Problem:
Below are records with pictures in them. Transcribe everything from the line containing "Pas mal de nouveautés" down to the line containing "核島環(huán)行起重機(jī),主要", exactly, and leave the pictures behind.

Data extracts:
########

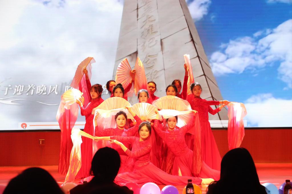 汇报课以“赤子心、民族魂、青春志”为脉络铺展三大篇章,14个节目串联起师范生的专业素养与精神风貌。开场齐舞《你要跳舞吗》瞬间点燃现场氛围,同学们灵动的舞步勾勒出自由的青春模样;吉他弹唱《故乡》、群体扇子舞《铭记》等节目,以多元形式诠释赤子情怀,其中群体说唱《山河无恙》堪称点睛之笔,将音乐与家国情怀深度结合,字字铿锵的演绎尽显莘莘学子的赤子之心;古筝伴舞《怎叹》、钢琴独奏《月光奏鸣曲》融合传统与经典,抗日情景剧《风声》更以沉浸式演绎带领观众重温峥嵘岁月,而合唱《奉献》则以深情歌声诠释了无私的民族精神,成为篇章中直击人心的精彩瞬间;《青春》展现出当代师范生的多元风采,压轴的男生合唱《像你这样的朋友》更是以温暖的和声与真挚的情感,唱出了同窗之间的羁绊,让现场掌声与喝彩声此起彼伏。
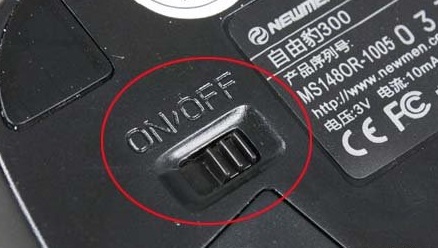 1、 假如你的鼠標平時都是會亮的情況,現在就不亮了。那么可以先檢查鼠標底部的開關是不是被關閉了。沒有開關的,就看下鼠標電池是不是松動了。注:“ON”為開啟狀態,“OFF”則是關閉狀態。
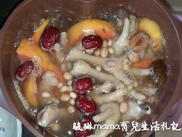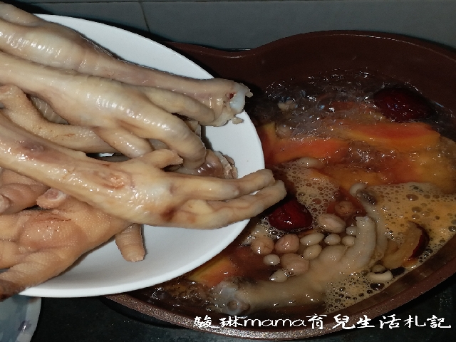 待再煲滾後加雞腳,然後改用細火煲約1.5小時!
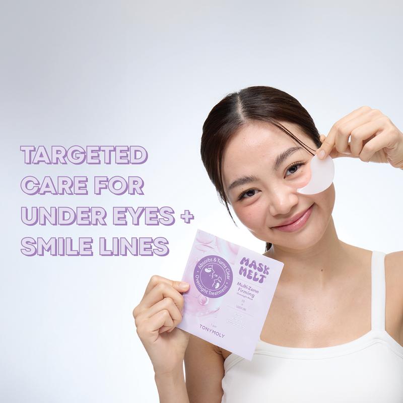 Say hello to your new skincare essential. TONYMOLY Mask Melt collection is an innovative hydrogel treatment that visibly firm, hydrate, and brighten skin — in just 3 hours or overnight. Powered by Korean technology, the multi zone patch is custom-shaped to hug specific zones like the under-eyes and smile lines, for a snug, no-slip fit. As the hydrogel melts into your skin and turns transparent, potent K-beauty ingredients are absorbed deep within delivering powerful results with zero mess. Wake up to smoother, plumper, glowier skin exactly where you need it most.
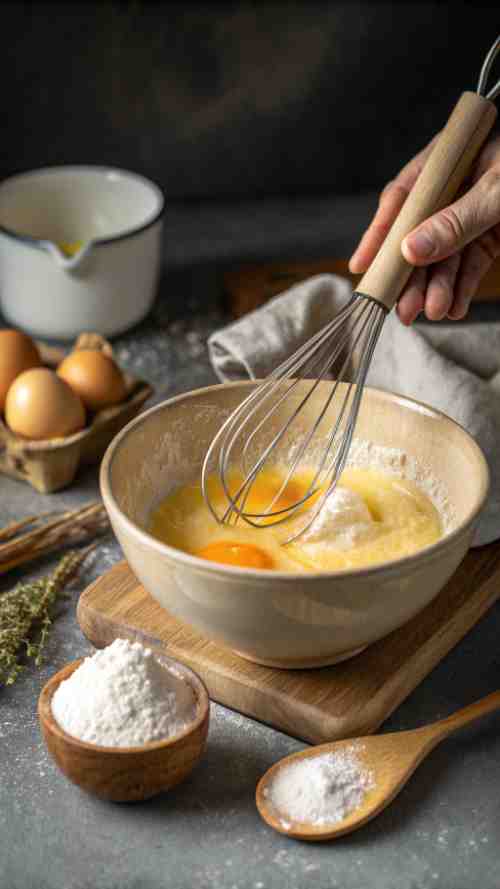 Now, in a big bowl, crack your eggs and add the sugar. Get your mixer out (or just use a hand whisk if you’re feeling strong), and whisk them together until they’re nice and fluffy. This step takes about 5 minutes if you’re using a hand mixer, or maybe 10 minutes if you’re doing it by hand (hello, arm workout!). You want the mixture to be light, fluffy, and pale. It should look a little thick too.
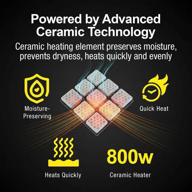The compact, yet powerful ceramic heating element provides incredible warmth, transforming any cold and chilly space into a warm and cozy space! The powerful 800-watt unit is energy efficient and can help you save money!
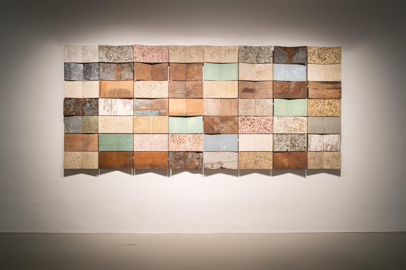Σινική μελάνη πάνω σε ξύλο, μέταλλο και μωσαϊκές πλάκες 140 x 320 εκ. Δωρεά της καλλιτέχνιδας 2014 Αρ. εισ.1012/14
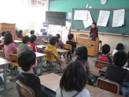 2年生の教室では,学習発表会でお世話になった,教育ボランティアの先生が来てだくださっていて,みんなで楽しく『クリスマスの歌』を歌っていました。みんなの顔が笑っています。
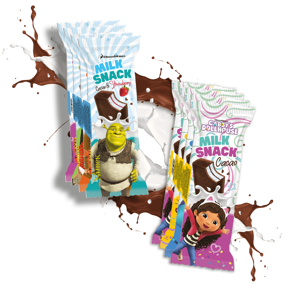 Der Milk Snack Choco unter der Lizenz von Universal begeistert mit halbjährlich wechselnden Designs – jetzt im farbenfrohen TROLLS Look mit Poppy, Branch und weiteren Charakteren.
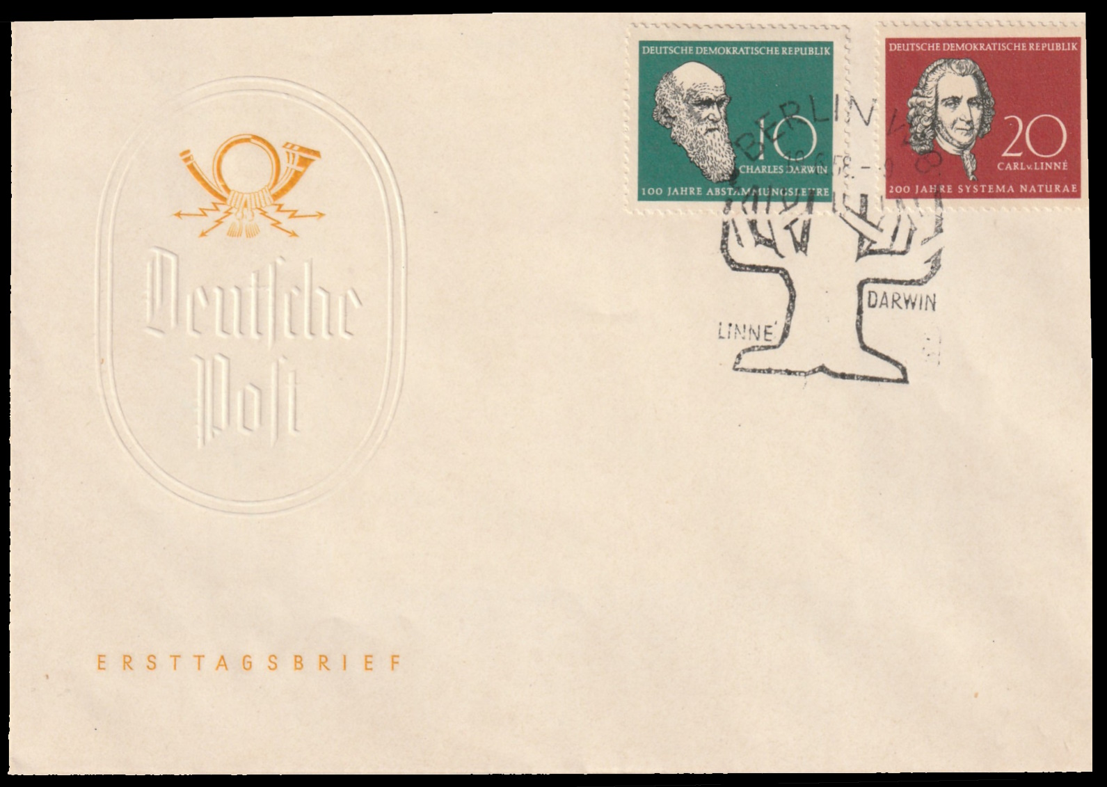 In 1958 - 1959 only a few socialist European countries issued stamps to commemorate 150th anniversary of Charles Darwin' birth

########

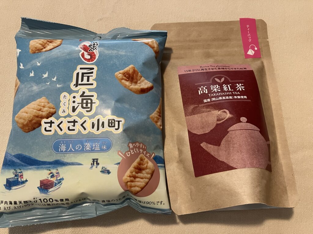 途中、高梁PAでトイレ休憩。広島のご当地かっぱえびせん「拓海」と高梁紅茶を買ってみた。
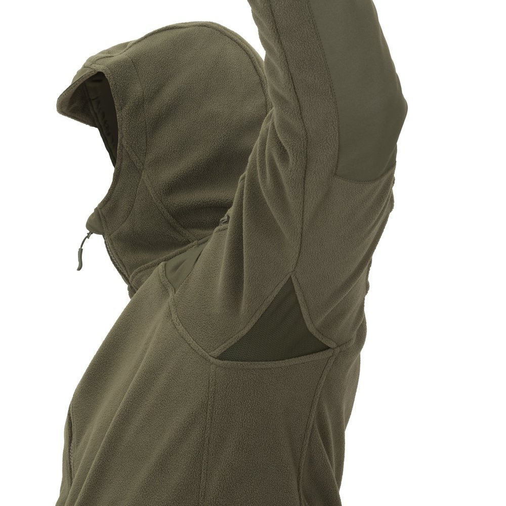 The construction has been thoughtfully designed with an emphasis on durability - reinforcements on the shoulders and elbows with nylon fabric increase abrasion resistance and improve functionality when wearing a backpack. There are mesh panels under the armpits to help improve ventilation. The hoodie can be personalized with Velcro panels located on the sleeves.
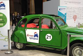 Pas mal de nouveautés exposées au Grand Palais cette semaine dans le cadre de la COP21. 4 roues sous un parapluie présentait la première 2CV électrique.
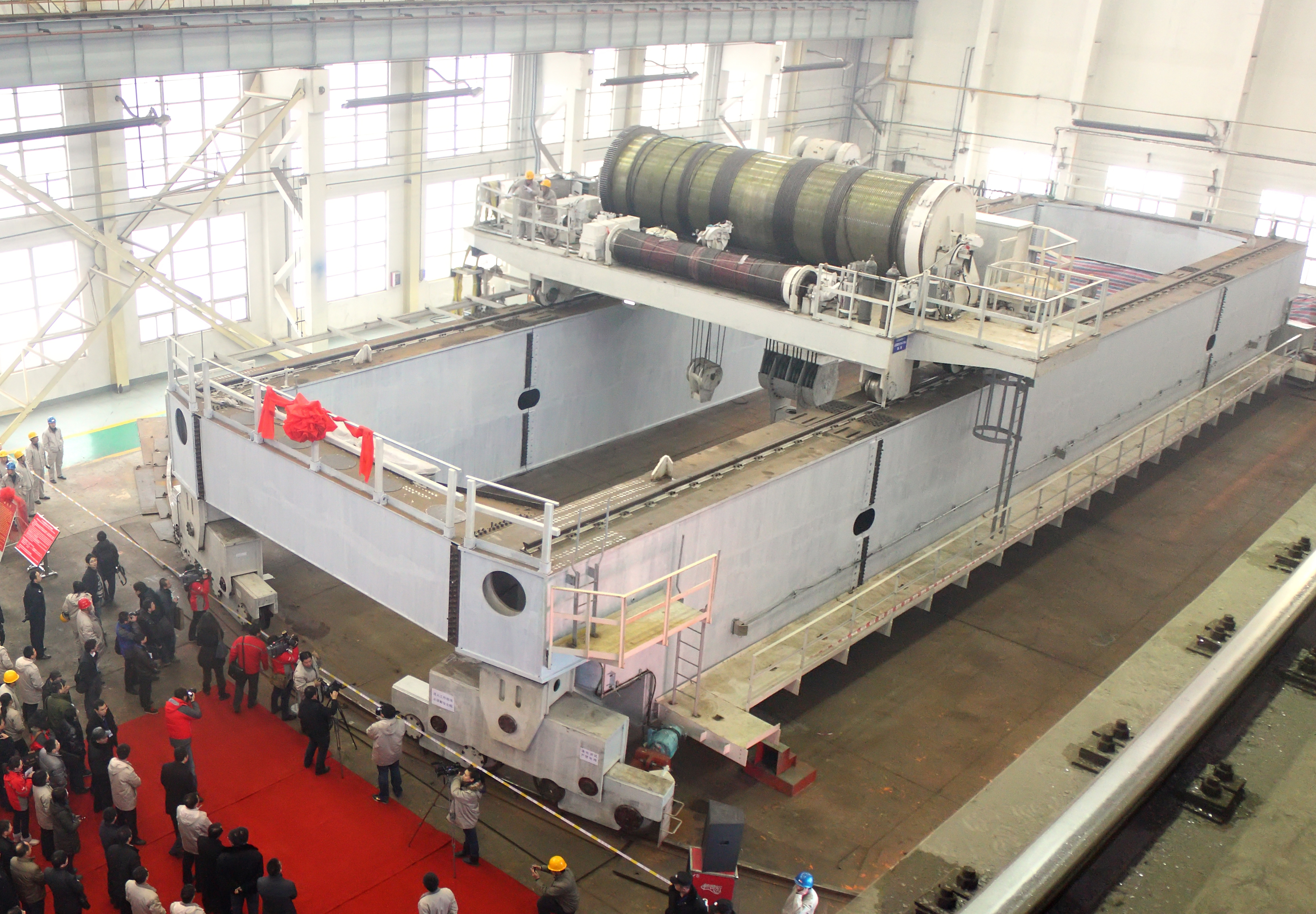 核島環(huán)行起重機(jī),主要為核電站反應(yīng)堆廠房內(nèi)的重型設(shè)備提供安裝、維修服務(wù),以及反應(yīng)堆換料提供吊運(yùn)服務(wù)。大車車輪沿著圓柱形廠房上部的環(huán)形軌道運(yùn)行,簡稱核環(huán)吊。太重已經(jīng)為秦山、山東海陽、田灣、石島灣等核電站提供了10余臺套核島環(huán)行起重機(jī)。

########

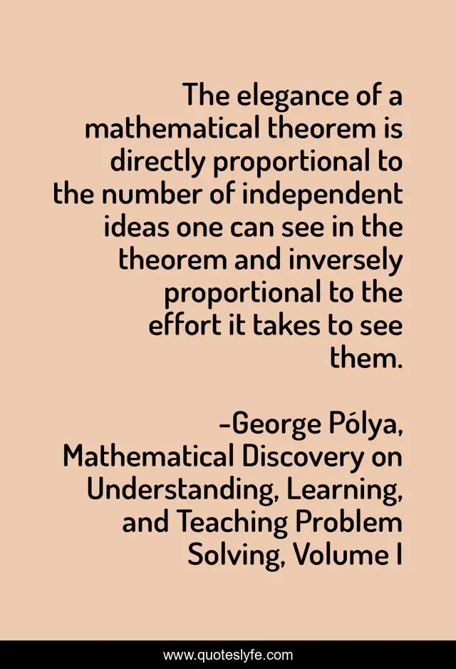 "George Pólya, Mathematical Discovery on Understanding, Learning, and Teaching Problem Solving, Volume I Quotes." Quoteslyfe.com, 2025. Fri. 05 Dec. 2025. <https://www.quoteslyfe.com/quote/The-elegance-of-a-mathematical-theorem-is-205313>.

########

Answer space:
 Pas mal de nouveautés exposées au Grand Palais cette semaine dans le cadre de la COP21. 4 roues sous un parapluie présentait la première 2CV électrique.
 核島環(huán)行起重機(jī),主要為核電站反應(yīng)堆廠房內(nèi)的重型設(shè)備提供安裝、維修服務(wù),以及反應(yīng)堆換料提供吊運(yùn)服務(wù)。大車車輪沿著圓柱形廠房上部的環(huán)形軌道運(yùn)行,簡稱核環(huán)吊。太重已經(jīng)為秦山、山東海陽、田灣、石島灣等核電站提供了10余臺套核島環(huán)行起重機(jī)。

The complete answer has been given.